Top of DATASET CONTENT
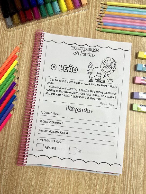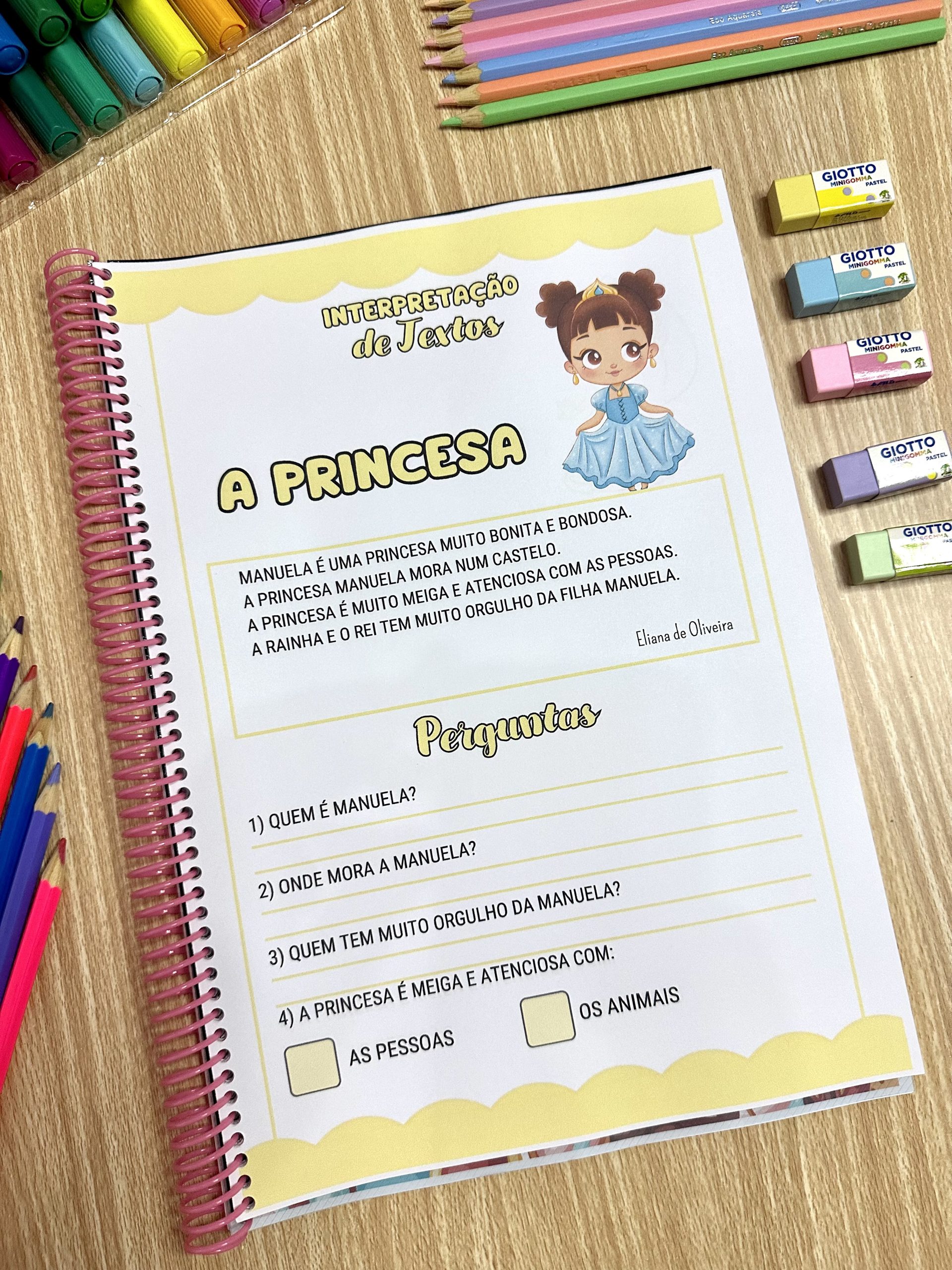 Cada texto é acompanhado de questões de interpretação para ajudar as crianças a desenvolver suas habilidades de leitura e compreensão.
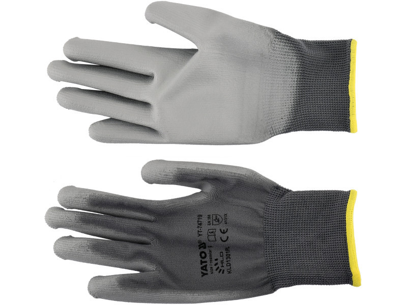 Protective work gloves made of gray polyester, coated in the grip part with gray polyurethane. The thickness of the coating provides almost the highest abrasion resistance according to EN 388. Seamless construction with high quality polyester guarantees increased tear resistance.
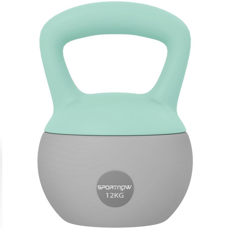 Kettlebell 12 Kg - prise ergonomique - entraînement musculaire & haltérophilie - PVC gris vert d'eau
Bottom of DATASET CONTENT
WHAT TO PRODUCE:
Type out the data above once more, exactly, with no images included.

EXPECTED ANSWER:
 Cada texto é acompanhado de questões de interpretação para ajudar as crianças a desenvolver suas habilidades de leitura e compreensão.
 Protective work gloves made of gray polyester, coated in the grip part with gray polyurethane. The thickness of the coating provides almost the highest abrasion resistance according to EN 388. Seamless construction with high quality polyester guarantees increased tear resistance.
 Kettlebell 12 Kg - prise ergonomique - entraînement musculaire & haltérophilie - PVC gris vert d'eau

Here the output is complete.